Lack of Formation in Fortitude
The better part of courage (or fortitude) is endurance, says Aquinas, because endurance requires you to stand and accept blows over time, where as the other part of courage, attack, only requires that you charge into battle. A number of commentators, notably Jonathan Haidt, have already made the case that there is a lack of resilience in young people because parents have not allowed children to struggle and face hardship. Of course this is a generalization, and many children have faced hardship. But on the whole, I think the idea that contemporary children are sheltered from danger is mostly accurate. Haidt’s saying is that we’ve been too protective in the real world and not protective enough in the online world. There’s something to that. I believe I’ve told this story before, but when my son was younger, my wife sent him to walk from the college gym to our home a few blocks away. Before he got there he was stopped by campus police who brought him back to my wife. My son was more than capable of walking home by himself. But our safety-centric society was hostile toward it. The natural consequence of a safety-centric society is that young people grow up not facing risks. Whether those are the risks of failing a test, being rejected for a date, getting lost on a drive, or getting hurt. The difficulty is that adulthood requires you to take risks. And that can create anxiety and a lack of flourishing.
Response
Mentors
I know I’ve beat this drum over and over again, but young people need safe, loving, kind, godly mentors. They need people around them who will invite them into healthy risks, who will help them discern what’s a healthy risk and what’s an unhealthy risk. They need safe adults who will tell them that it’s okay to reassess their youth. They need someone who can point them to a good therapist and who will pray for them.
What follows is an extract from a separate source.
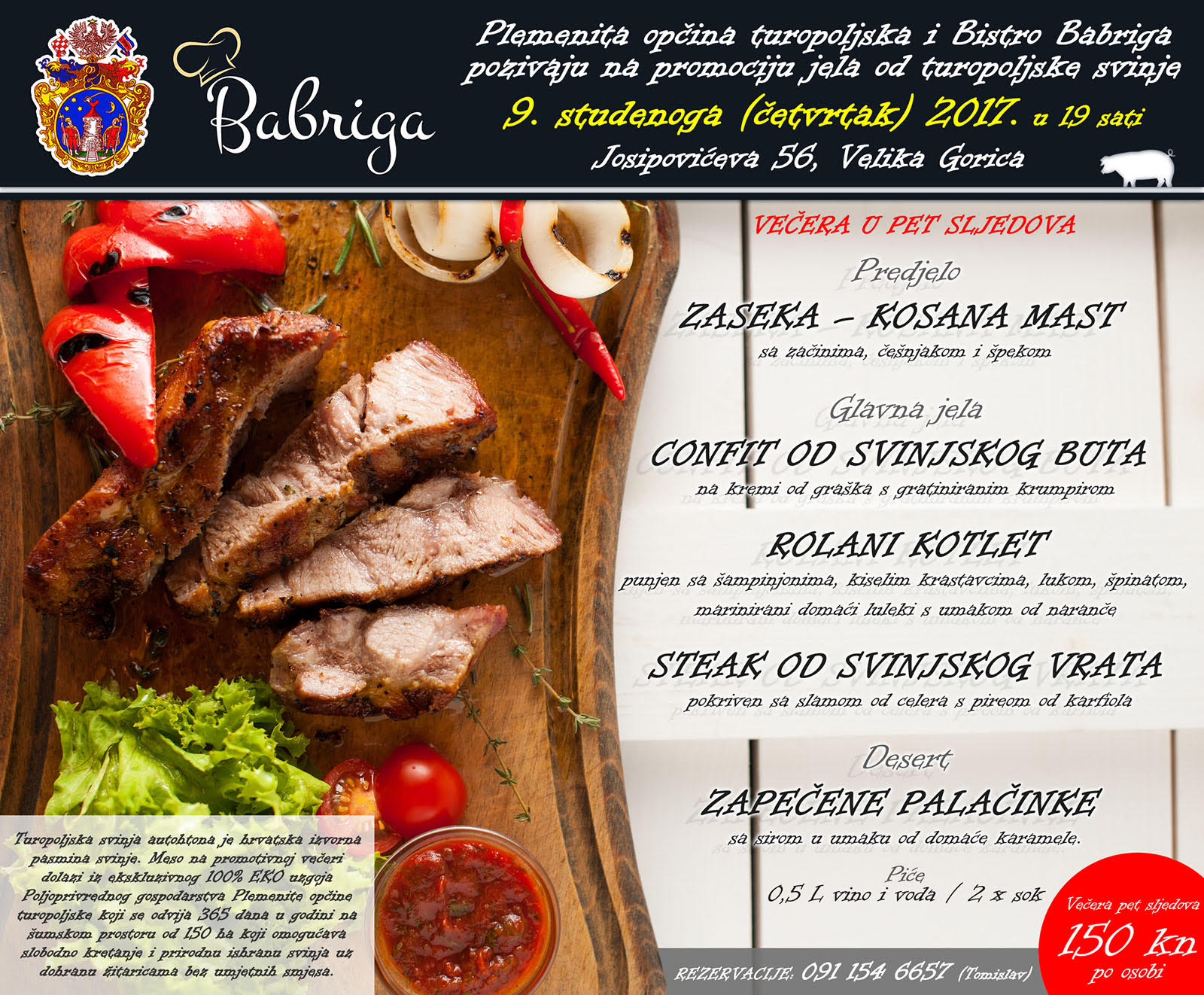 Plemenita opčina turopoljska i Bistro Babriga organiziraju promociju jela od turopoljske svinje. Gosti će imati priliku omastiti brk najfinijim turopoljskim pajcekom iz 100 posto EKO uzgoja, a očekuje vas večera u pet sljedova čija je okosnica upravo meso turopoljske svinje. Tri su glavna jela - confit od svinjskog buta na kremi od graška s gratiniranim krumpirom, zatim rolani kotlet punjen sa šampinjonima, kiselim krastavcima, lukom, špinatom uz marinirane domaće luleke s umakom od naranče, te steak od svinjskog vrata pokriven sa slamom od celera s pireom od karfiola.

They need someone who can teach them that they don’t need to choose The One Right Career. They just need to make a wise choice that glorifies God and move on with life. A healthy church and a good Christian liberal arts college should provide space for these kinds of relationships.
Community
But a mentor can’t do everything. There needs to be a community of people supporting the young person. This is where the local church can be so valuable. Notably, in
’s analysis, young people who are spiritual and religious score much better on flourishing markers. The reality is that no young person should ever launch out into adulthood “on their own.” We live and move in community. And a community should help us mature. A healthy church community should help contest the constant shifting social, ethical, and political norms of our society, giving the young person stability—not a self-generated stability, but a stability grounded in a community that is grounded in the truth of the gospel.Young people will always struggle to become adults. It’s just awkward. It is what it is. But I think we can do more to aid young people in making this transition. What I worry about is who will guide young people. Someone will guide them. The question is, who? Will they be guided by voices on the Internet? YouTube and social media? Or by people who care for them as individuals? Growing up is hard. I tried it once, I know. Look out for people entering the shock of adulthood. See how you can help them. They need all the help they can get.